Aggregate functions allow us to group multiple rows of data by some defining characteristic of the group, such as job department or month, so that summary statistics about the group (averages, totals, maximums etc.) can be calculated. The output is a single value which is based on the set of values in the source data.
There are five aggregate functions, namely; SUM, AVG, MIN, MAX and COUNT.
These aggregate functions are used in conjunction with the GROUP BY and HAVING clauses as part of our SELECT statement.
The GROUP BY clause will divide the rows of a table into groups that have identical values in one or more columns.
- Group by X means put all those with the same value for X in the same row.
- Group by X, Y put all those with the same values for both X and Y in the same row.
If the GROUP BY clause is omitted when an aggregate function is used, then the entire table is considered as one group, and the function displays a single value for the entire table.
The HAVING clause performs the same function as the WHERE clause, but with aggregate values. A query can contain both a WHERE clause and a HAVING clause.
Together, fits into the SELECT expression in the following manner.
SELECT column-name1 [,column-name2]
FROM table-name
WHERE search-condition
GROUP BY column-name1 [,column-name2]
HAVING some-condition
ORDER BY column-name1 [DESC] [,column-name2] [DESC]
Having vs. Where
The WHERE clause is applied first to the individual rows in the tables. Only the rows that meet the conditions in the WHERE clause go on to be grouped.

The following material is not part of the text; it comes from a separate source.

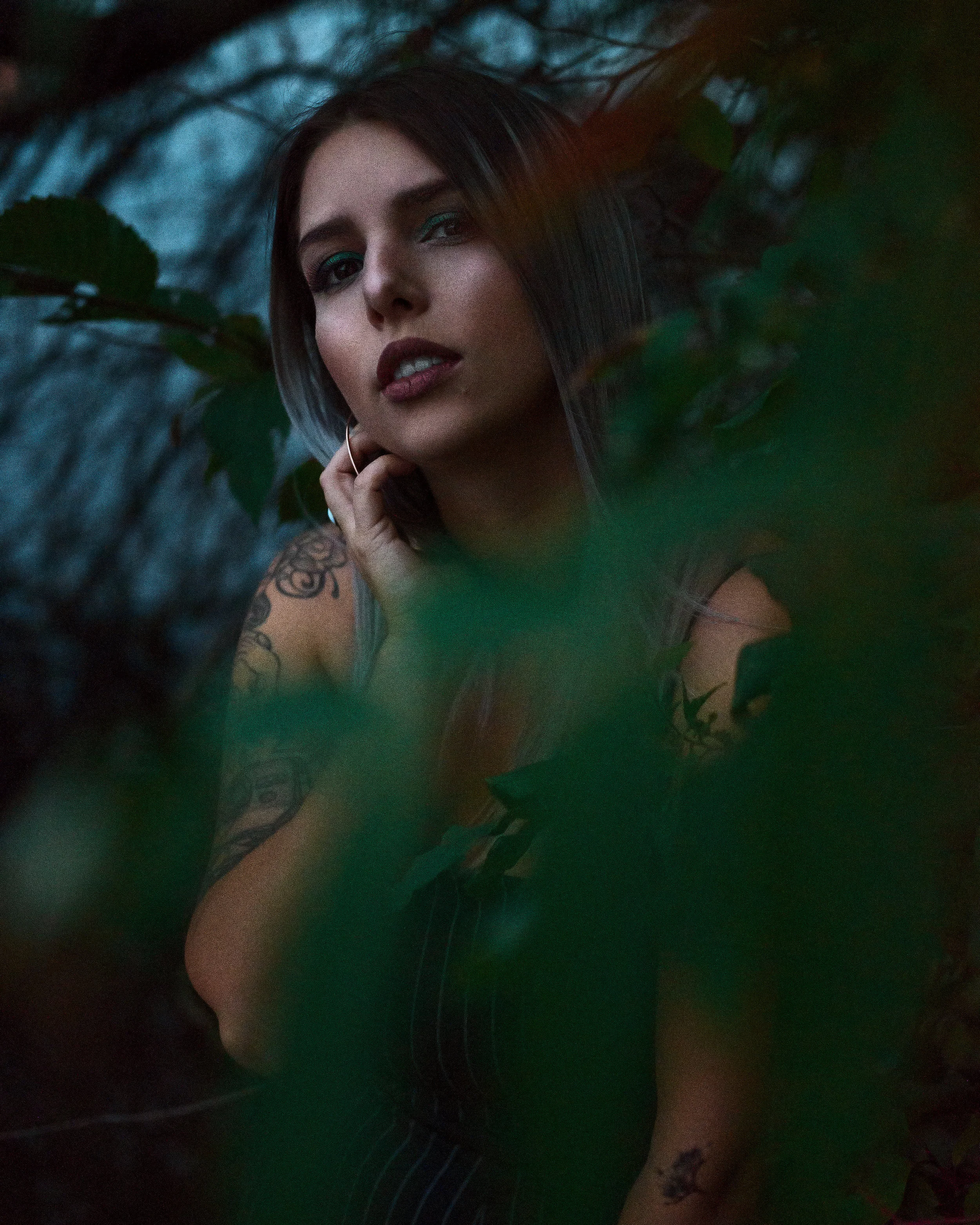 Woman with tattoos sitting outdoors in dark, moody lighting

The HAVING clause is then applied to the rows in the result set to filter values in the GROUP BY clause. Only the groups that meet the HAVING conditions appear in the query output.
Breaking GROUP BY down conceptually
- The GROUP BY partitions the table records into groups. Each group has the same set of values for the column(s) specified in the GROUP BY clause.
- The aggregates then operate on any of the columns specified, with the aggregate function calculated over the rows in the partitioned group.
- The result then consists of one row per group: the GROUP BY column values, plus the associated calculated aggregated values.